Qui siamo ad un terzo della popolazione.
Mancano tre milioni di posti di lavoro per colmare il divario rispetto al centro-nord. Non parliamo dei disoccupati che stazionano stabilmente su valori a due cifre, prossimi al 20% e ancor meno di giovani e donne per i quali la percentuale sale al di sopra del 30%.
L’unico dato che continua ad aumentare a Sud è quello degli “emigranti” in patria ed all’estero. La cifra oscilla tra gli 80.000 ed i 100.000 ogni anno. Tutti giovani ovviamente. Anzi da qualche tempo ad essi si vanno sommando sempre più gli anziani, genitori e parenti che raggiungono figli e nipoti per unire le forze e gli affetti e resistere ai guasti di un salario/stipendio sempre insufficiente oltre che alle intemperie di una vita sempre più complicata. L’unica cosa che aumenta a Sud è la desertificazione che favorisce l’impianto di campi fotovoltaici in luogo dei campi coltivati e le foreste di torri e pale eoliche in luogo di pascoli, macchia e biodiversità mediterranea. Ma questa è un’altra storia che attiene al triste futuro delle regioni meridionali in caduta libera ovviamente anche per quanto riguarda la popolazione.

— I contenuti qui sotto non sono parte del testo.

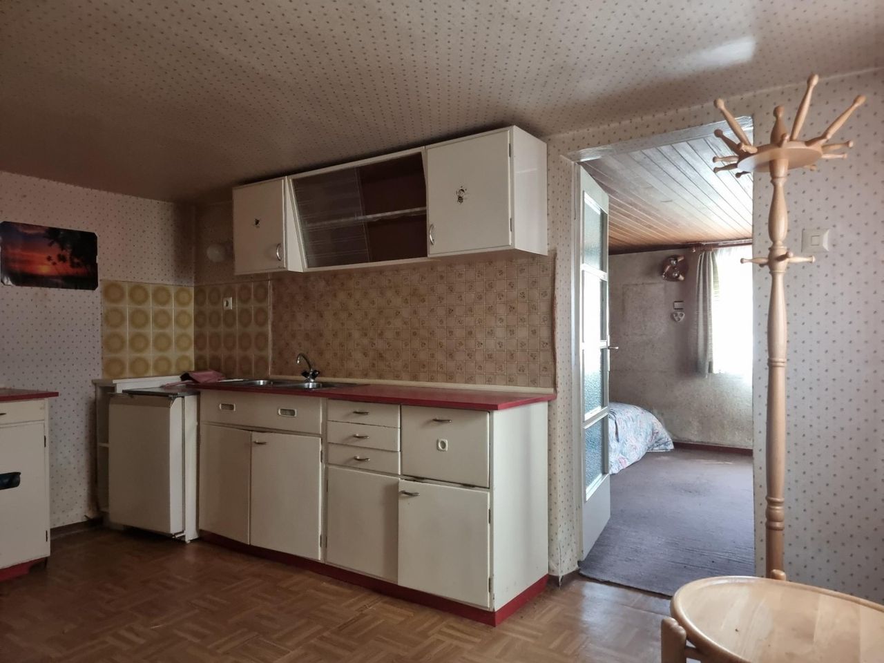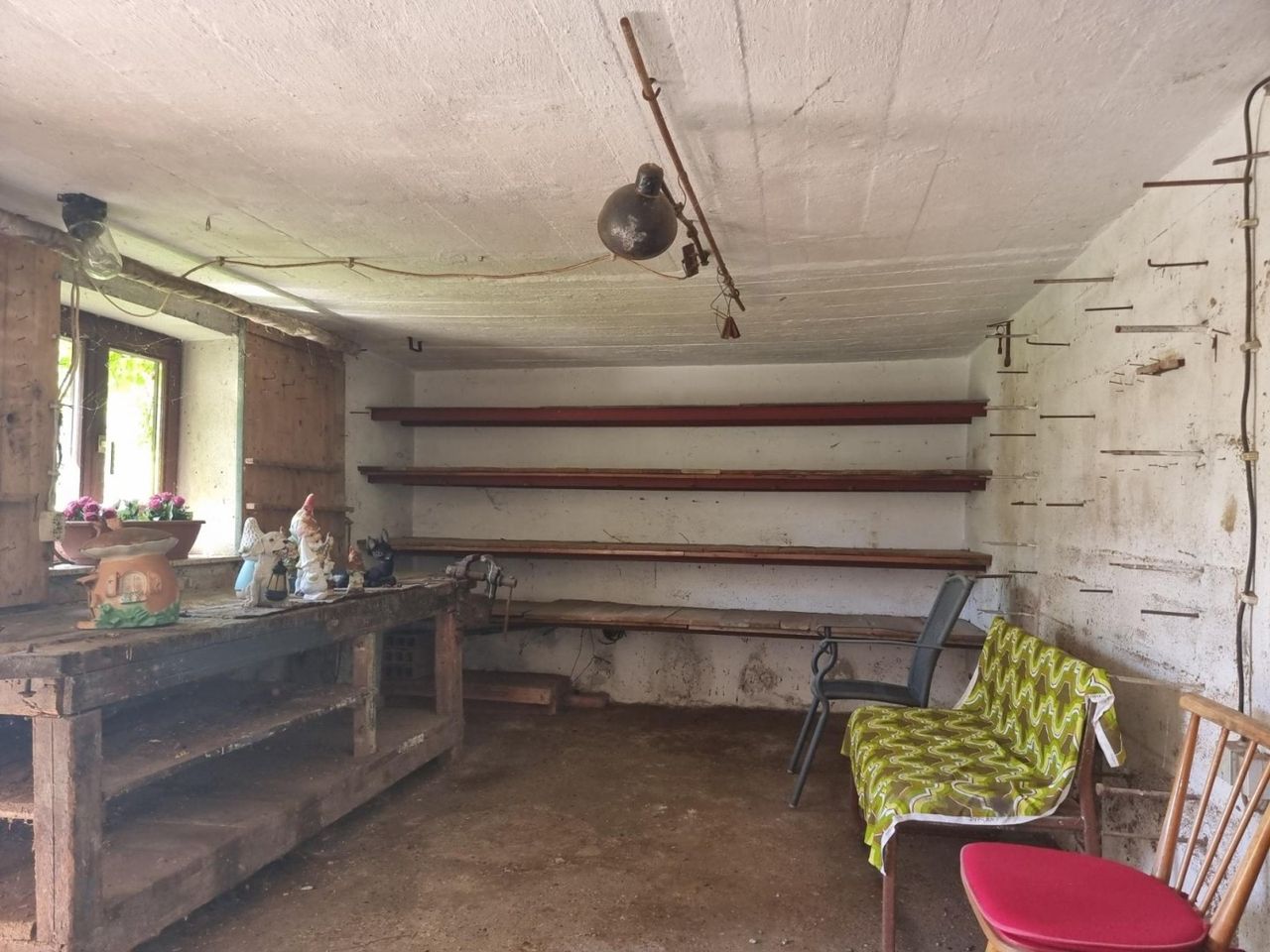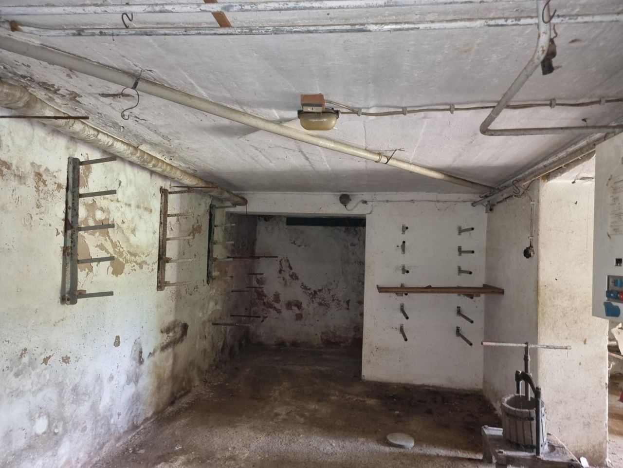 Der Keller wurde die letzten Jahre nicht mehr bewohnt oder beheizt, Mauerfeuchte begünstigt hier die Schimmelbildung, speziell im als Sommerküche und Wohnbereich genützten Teil, unter den Tapeten.
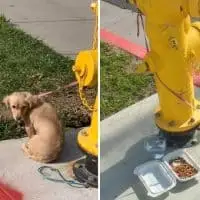 On a quiet street in Southern California, a small puppy sat motionless beside a fire hydrant. Her leash was tightly wrapped around the metal post, …

La questione di fondo che sottende tutti questi aspetti, trascurati dalle statistiche e dalle celebrazioni più o meno retoriche, é il livello dei salari che paradossalmente non invoglia più di tanto ad entrare nell’esercito dei “ produttori dì ricchezza” nazionale. Anzi in qualche caso spinge ad uscirne accontentandosi di un lavoro grigio o nero magari per tenere basso l’ISEE familiare e fare incetta di bonus.
D’altronde la verità è impietosa. Siamo ad oltre il 10% dei lavoratori occupati che, nonostante il lavoro, sono precipitati nel baratro della povertà.
Detto in altre parole lavorare non basta a pagare le spese, figurarsi a mettere da parte qualche soldo o magari mettere su famiglia e fare figli.
Sono lontani i tempi in cui con un salario /stipendio di duecento/duecento cinquanta mila lire, potevi addirittura costruirti la casa e, ad essere in due a lavorare in famiglia, farsi pure una bella vacanza e risparmiare qualcosa addirittura.
E sono lontani i tempi in cui uno stipendio/salario di 2/3 milioni di lire era uno stipendio di tutto riguardo che tra i lavoratori segnava la soglia del benessere se non dell’aristocrazia del lavoro.
Ahimè più di recente son giunti i tempi delle generazioni mille euro e poi quelle dei cinquecento e infine delle partite iva che scaricavano oneri sociali e previdenziali sui lavoratori costretti a camuffarsi da prestatori d’opera…
L’aumento degli incidenti sul lavoro è anche funzione dei bassi salari/stipendi e della scarsa produttività del lavoro che spinge a contenere le spese. Tutte le spese.
Si è alzata la voce del Presidente della Repubblica, unica voce fuori del coro della retorica e della propaganda, a stigmatizzare entrambi i fatti. Incidenti e morti sul e di lavoro e insufficienza delle retribuzioni assicurate a chi lavora.
E questo è il dato più preoccupante proiettato nel futuro.
Fermo restando che i morti sul lavoro rappresentano una autentica vergogna nazionale. Per essi si contano addirittura giornalmente i caduti.
Così come quotidianamente si registra lo scivolamento del potere di acquisto dei salari, vale a dire il valore reddituale effettivo, ossia quello che misura la capacità di spesa dei lavoratori.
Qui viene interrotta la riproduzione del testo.